Playhour Records (late '60s): Contrary to popular collector belief, it wasn't SPC, but Pickwick that made Playhour Records, following the SPC/Peter Pan formula perfectly. Playhour records were packaged in tote pack sets of 12 45s and sold for $3.
SPC expanded in the adult market with their budget record labels. They often mixed in their Caroleers recordings for Peter Pan on their Christmas albums marketed for adults. (Under the Yuletide, Spin-O-Rama, Diplomat and Tinkerbell labels.) These albums are regular thrift store/eBay finds.
Where we have this nearly flawless Perry Como impersonator.....
At least, "The Caroleers" was their pseudonym. No one truly
knows who they were, where they came from. Who was their leader, etc.
Nothing. Session information and artistic liner notes do
not exist. As with everything SPC ever produced..

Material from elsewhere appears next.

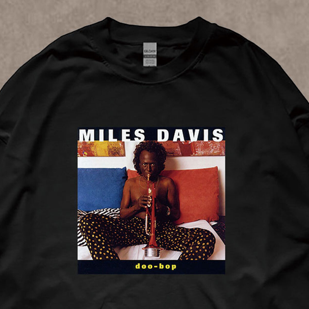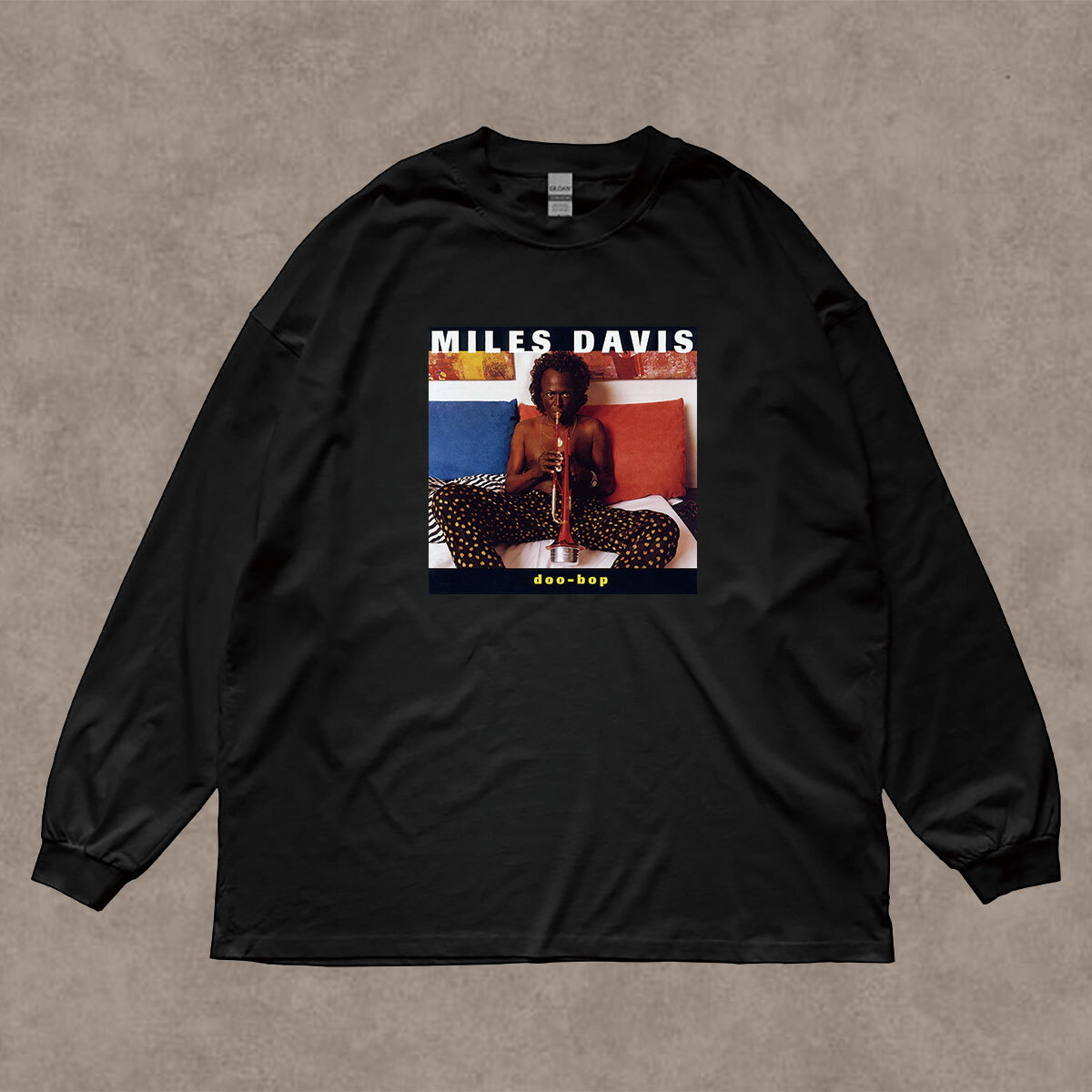 マイルス デイビス Miles Davis Doo-Bop ドゥー バップ フォトプリント リブ付き 長袖 Tシャツ ロンT JAZZ 6oz 綿100% クロ L
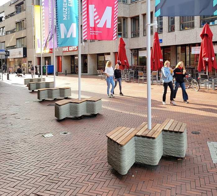 In de markt van de openbare ruimte wordt 3D-betonprinten steeds vaker toegepast, zegt Cornelissen. “Het is een technologie die door de markt omarmd moet worden. Als je kijkt naar de acceptatiecurve van nieuwe producten of technologieën zit je bij de meeste 3D-geprinte producten nog aan het begin. Bij onze 3D-geprinte taludtrappen zijn we al verder, deze worden al met grote regelmaat besteld. Er zijn steeds meer klanten die het als kans zien om hier vandaag mee aan de slag te gaan, dit zijn echte early adapters. Een voorbeeld is de gemeente Eindhoven, waar we The Vibe voor hebben geprint. Een multifunctioneel openbaar object gebaseerd op de iconische vorm van het stadslogo.”

The cold hard truth is "The Caroleers" were just a blanket name for a group of unknown session singers and musicians at SPC who were paid a flat fee for their services and recieved no royalties from their recordings. And this was perhaps the best selling group on a budget label ever.
And guess how much songwriters Jack Rollins and Steve Nelson got in royalties from The Caroleers' recording of their "Frosty The Snowman"? Just guess.....
In an apparent Gene Autry knockoff.....
Most of The Caroleers recordings were made in the 1950s and '60s at a time when music publishing was fraught with copyright loopholes galore, allowing for dozens of knockoff and "tribute" records (much like we see today.) SPC and other budget record labels got away with this by claiming their music was intended for children and thus for play inside homes, not over the radio or publicly. SPC did not service radio stations and most radio stations did not play their product. (Most.) So they actually claimed that they didn't have to owe songwriters royalties in spite of making millions in profit from their songs.
Today, the artists and songwriters are usually in on it too, as these knockoffs are actually a revenue stream, no matter how disingenuous.
However in the early '70s, songwriters were sick of all these cheap record labels whoring their music and collectively put an end to this racket and most budget labels ceased operation or went into other lines.
About this time however, SPC stopped pressing the old Caroleers records and hacked up something even more nefarious for Christmas in the '70s.
However even in the disco era, old habits died hard with SPC (by then known as Peter Pan Industries.) They even cashed in on the Disco Duck craze with "Irwin The Disco Duck"
SPC went back to exclusively childrens records as Peter Pan and later, Power Records which incorporated an action comic book style format targeted to boys.
This album always brings visions of aluminum Christmas trees and this music blasting out of console stereos like these.
The Ray Conniff Singers were essentially the vocal relief between the Mantovani and 101 Strings instrumentals in the Name-That-Tune world of your typical "Beautiful Music" FM radio stations of the '60s and '70s. They were known for making "safe" covers of pop songs your parents could like.